Sam huffed back in annoyance "or I could just kill you myself and save you the trouble of committing suicide"

Bitch

Jerk

The drive back to the hotel was quiet, neither brother spoke, both deep in their own thoughts. Sam now believed that the book was somehow connected to the suicides. He needed to continue reading he was sure the answers lay within.

Dean sat on his bed looking at the information they had gathered about the victims at the library but he wasn't taking it in, he was thinking about what happened before he collapsed. Sam sat at the small table reading the book out aloud

"M" said he wouldn't understand our special connection, the bond we had through the curse of the number 23. The next day he put me on the 3.20 train out of town, 3+20 is 23. I was to stay with an old family friend. As the train approached the next station I saw her standing on the platform in her favourite pink dress. Red and white make pink, red adds up to 27 and white 65 equals 92, pink as four letters, 92 divide by 4 is 23

Sam stopped reading and looked at Dean, who was already staring back at him "Dean, you said those exact words yesterday"

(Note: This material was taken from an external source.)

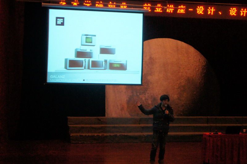 12月30日下午2点30分,由艺术学院校友魏长文主讲的“设计,设计师”创业就业主题讲座在艺术大楼C区音乐厅举行。学院党委副书记、副院长曾贤,学工办主任裴西宏出席了此次讲座,2011级设计专业学生聆听了讲座。 校友魏长文是艺术学院2002级工业设计专业学生,现任深圳浪尖设计集团设计副总经理兼创意总监。讲座中,魏长文向在场的同学们述说他的“设计”之路,他结合自身的经历,根据自己进入职场后所接触过的设计工作,以及自己心理的变化与大家共同分享了他的经历,同学们被他的讲述深深吸引。 通过参加此次讲座,同学们明确了在专业学习中的方向,有利于同学们树立创业的自信心。
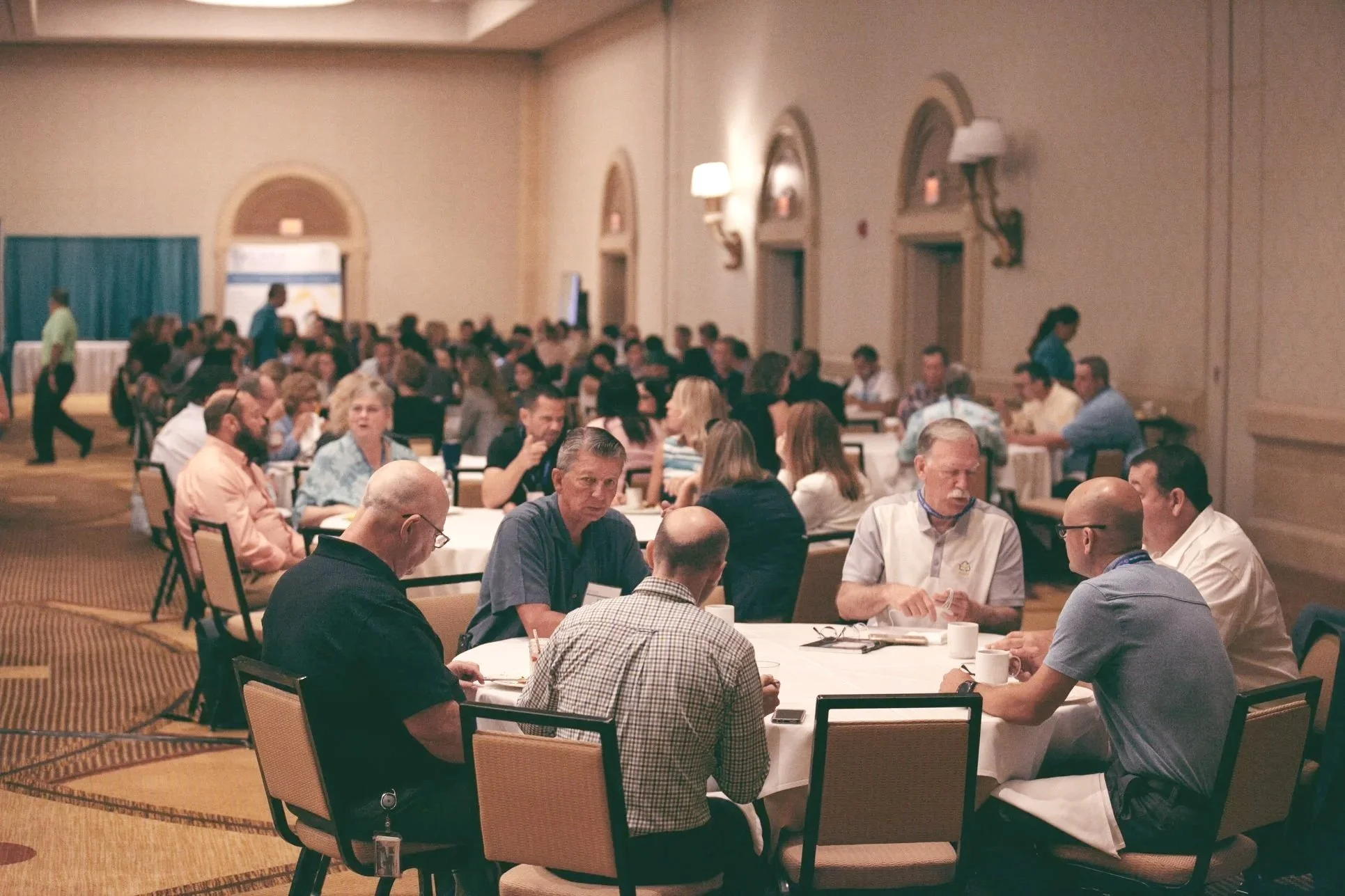 Small group conversation format with rotating tables

"I know, it's like I've heard it before but I can't remember where" Dean looked down at the floor "Sam when I was in Howard Johnson's study before I collapsed events and dates flashed through my mind and they all added up to 23. It doesn't make sense I not going to be 23 ever again but I'm next aren't I?"

"No Dean, I'm not going to let it happen. We are going to figure this out and I think this book is connected somehow" Sam replied, he read on

The train stopped at the station, I don't remember getting off the train and walking towards her but I did, she kissed me and I was once again lost in her. She smelt like fresh flowers. At that moment I would have followed her to the end of the earth, all she had to do was ask. I followed her out of the station to a hotel, where we got the room 23. She told me he was jealous of us and our love for each other. She said that he would never let me see her again. She said she knew a way to end the curse that we both shared, but I would have to leave him, leave everything behind, everything I knew. She said all I needed was faith in her, she called it a leap of faith and we would be together. That night we went onto the roof of the hotel, we didn't feel the cold we had each other to keep us warm. It was the night before my 23rd Birthday; we danced and made plans for our future, the future that didn't include him.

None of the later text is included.